# Task statement
Find the line with "43 - Sélectionner" in the entries below, then output every line from it down to the line with "这里绿草成茵,满树柔光飘洒,偶有隐藏在树", exactly and with no pictures.

# The records
______

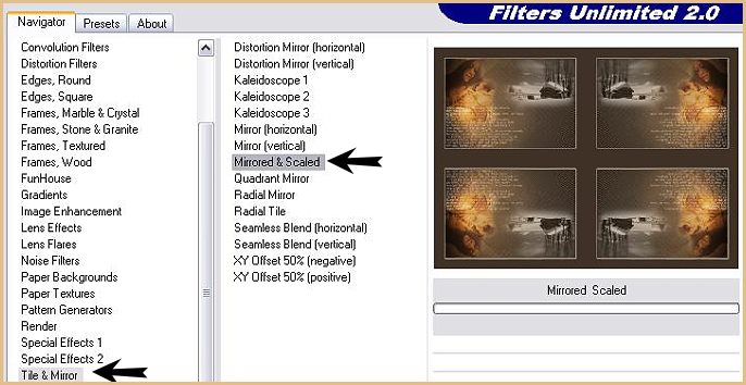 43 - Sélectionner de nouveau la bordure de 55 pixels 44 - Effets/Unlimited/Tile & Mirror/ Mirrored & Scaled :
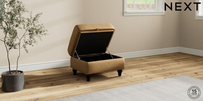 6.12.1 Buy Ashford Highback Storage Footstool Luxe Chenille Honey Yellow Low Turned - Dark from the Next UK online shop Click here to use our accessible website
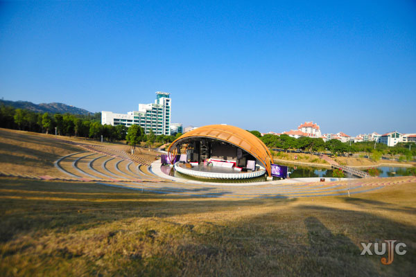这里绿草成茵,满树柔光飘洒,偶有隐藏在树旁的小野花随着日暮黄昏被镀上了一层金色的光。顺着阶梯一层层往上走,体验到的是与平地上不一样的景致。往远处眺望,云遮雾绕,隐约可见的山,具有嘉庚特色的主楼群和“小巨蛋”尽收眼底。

______

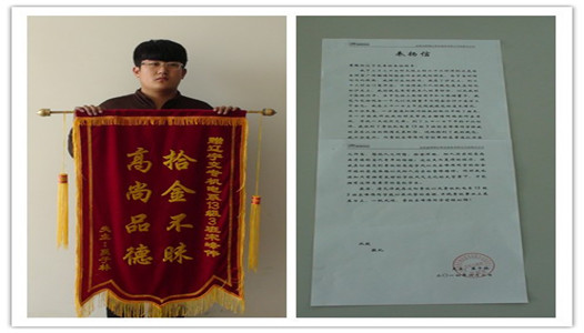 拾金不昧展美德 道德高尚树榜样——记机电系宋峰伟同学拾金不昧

______

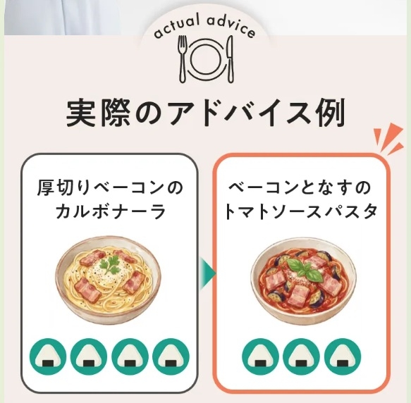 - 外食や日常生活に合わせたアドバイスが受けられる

______

# Output of the task
 43 - Sélectionner de nouveau la bordure de 55 pixels 44 - Effets/Unlimited/Tile & Mirror/ Mirrored & Scaled :
 6.12.1 Buy Ashford Highback Storage Footstool Luxe Chenille Honey Yellow Low Turned - Dark from the Next UK online shop Click here to use our accessible website
这里绿草成茵,满树柔光飘洒,偶有隐藏在树旁的小野花随着日暮黄昏被镀上了一层金色的光。顺着阶梯一层层往上走,体验到的是与平地上不一样的景致。往远处眺望,云遮雾绕,隐约可见的山,具有嘉庚特色的主楼群和“小巨蛋”尽收眼底。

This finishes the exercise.